Reproduce, word for word, the lines in the material below starting with the one that has "跟高数值:3CM | 筒高数值:13CM |" and going on through the one that has "靴:adidas 鞄:bag'n'noun .". Leave out all pictures.

<<<<

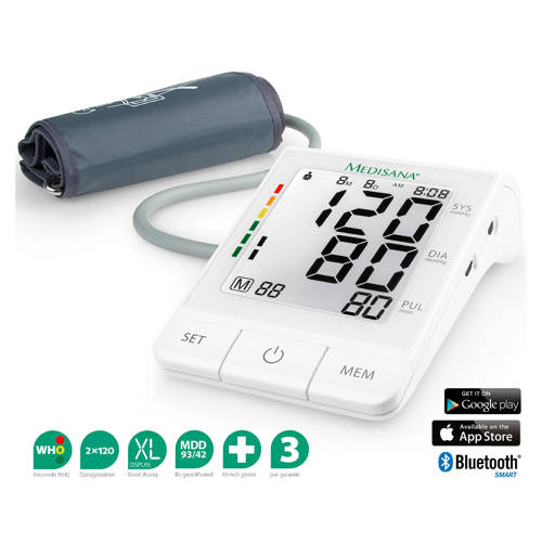Medisana bovenarmbloeddrukmeter BU 530 meet eenvoudig en snel de bloeddruk via de bovenarm. De metingen zijn eenvoudig bij te houden via de speciale Vitadock+ app op de smartphone. De hartslag, bovendruk en onderdruk worden nauwkeurig gemeten en hartritmestoornissen worden herkend. 2 Personen kunnen tot 120 metingen per persoon opslaan. Via de app wordt dan de voortgang bijgehouden en wordt verteld wat de invloed van een bepaalde levensstijl heeft op de bloeddruk.
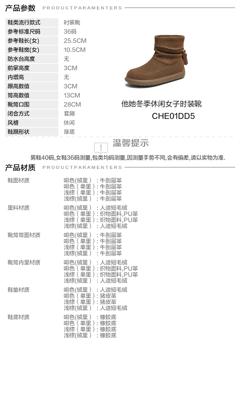 | 参考鞋宽(女):10.5CM | 风格:休闲 | 色系:咖啡色 | 跟高数值:3CM | 筒高数值:13CM |
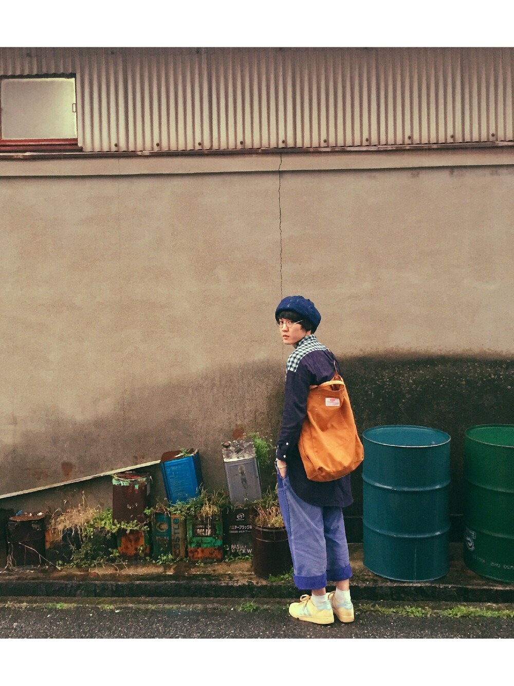 . 雨の日。 帽子:voo シャツ:niko and … パンツ:used 靴:adidas 鞄:bag'n'noun .
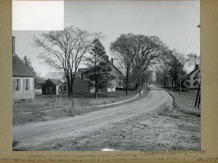 A black and white photo of Winter Street in Topsham looking east. On the left you can see the Cotton House. A note at the bottom of the photo reads, "This may be the old John Haley house where Col Andrew Dennison once lived." A rectangle is missing from the upper left hand corner. 10/21/1921
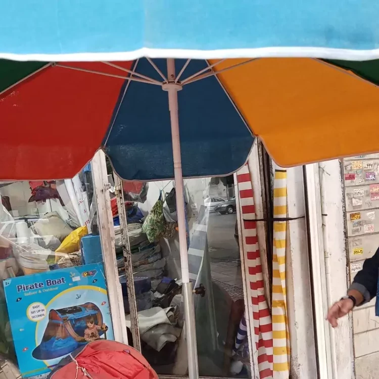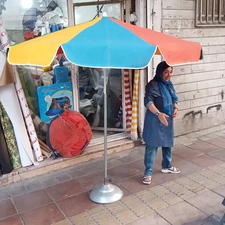 چتر سایبان از جنس برزنت سایه آن بسیار خنک میباشد ضد آب نیست و برزنتی مناسب آفتاب است دارای یک لوله برای تنظیم ارتفاع و یک پایه برای ایستادن کف زمین است تا شو بوده و در صندوق ماشین قابل حمل است
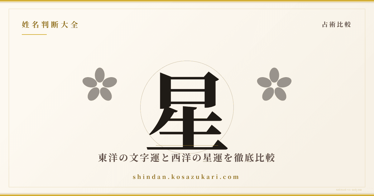 東洋系の姓名判断と西洋系の占星術 ── 人類が持つ二大運命読解体系を、同じ「一人の人物」を対象として比較します。本記事では、姓名判断(熊崎健翁・1934)と西洋占星術(プトレマイオス『テトラビブロス』・西暦150年頃)の歴史・体系・診断結果の差・強み弱み・併用法を一次典拠ベースで整理します。
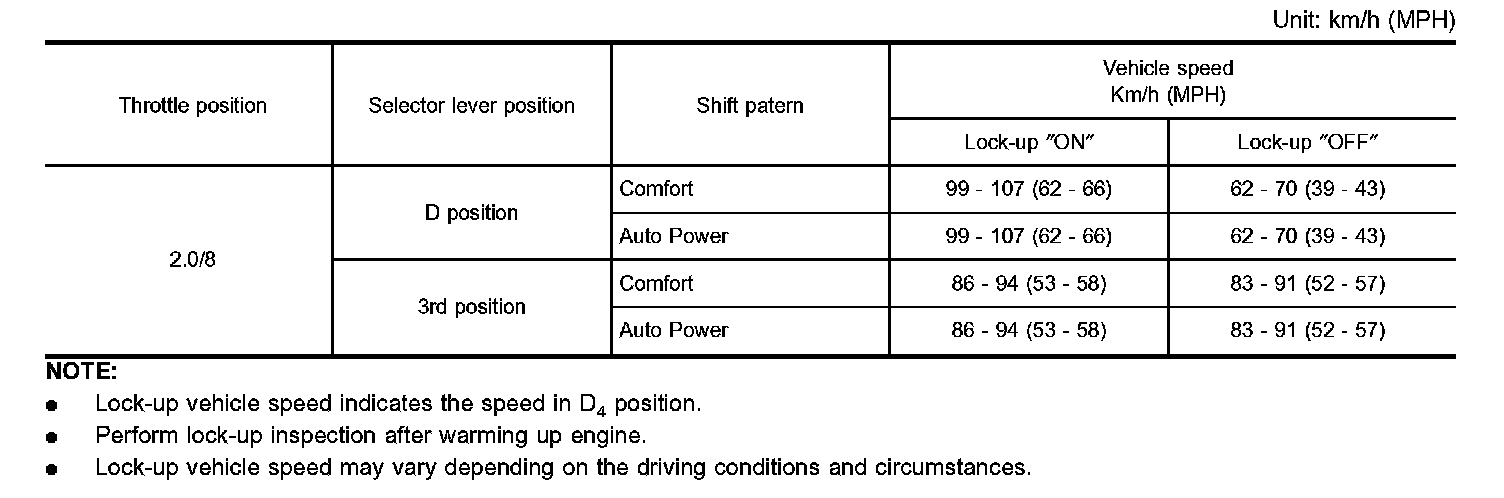 VEHICLE SPEED WHEN PERFORMING AND RELEASING LOCK-UP
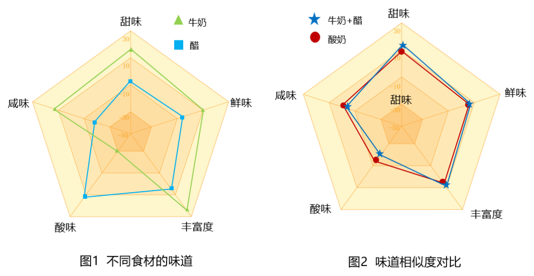 如图1,电子舌味觉雷达图可见:牛奶的甜味、咸味、咸味和丰富度的值均在10以上。在牛奶中加入少量醋后,牛奶的咸味降到0以下,即没有咸味,丰富度也有所减弱,但整体上加少许醋的牛奶与酸奶味道相似。
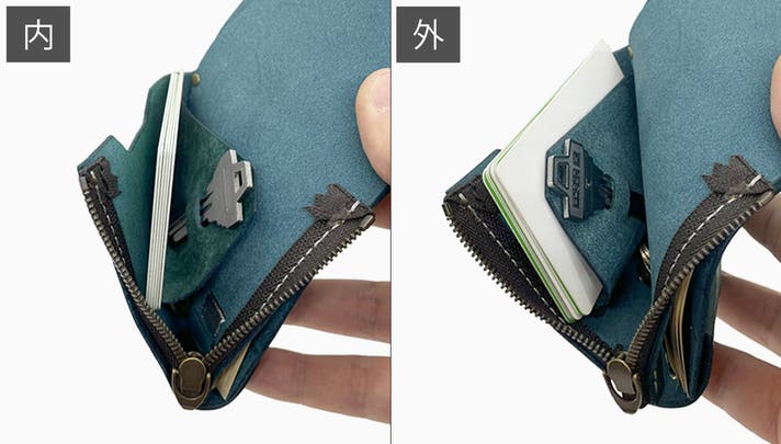 カード6枚ほどではスッキリと内側に、カード8枚以上では外側へとライフスタイルに合わせて選べる
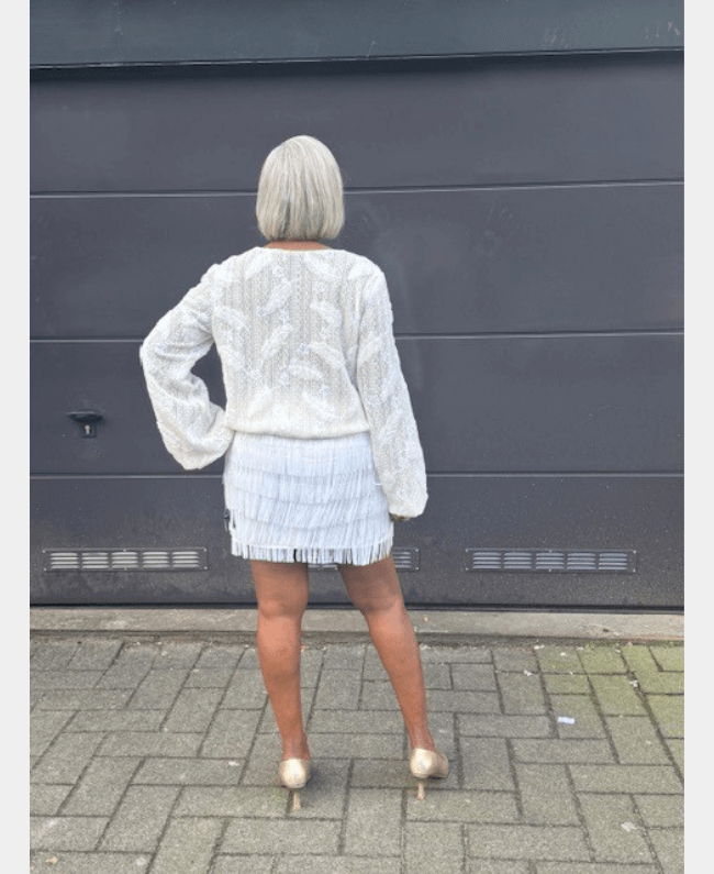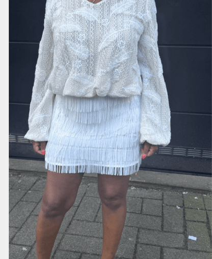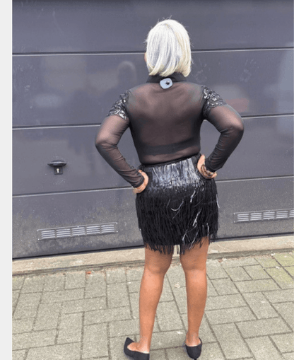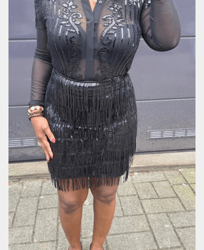 Reveal your style with our fashionable skirts embellished with fringes and glitter . Ideal for making a statement , these designs are a must-have for your wardrobe.

>>>>

* Task output
 | 参考鞋宽(女):10.5CM | 风格:休闲 | 色系:咖啡色 | 跟高数值:3CM | 筒高数值:13CM |
 . 雨の日。 帽子:voo シャツ:niko and … パンツ:used 靴:adidas 鞄:bag'n'noun .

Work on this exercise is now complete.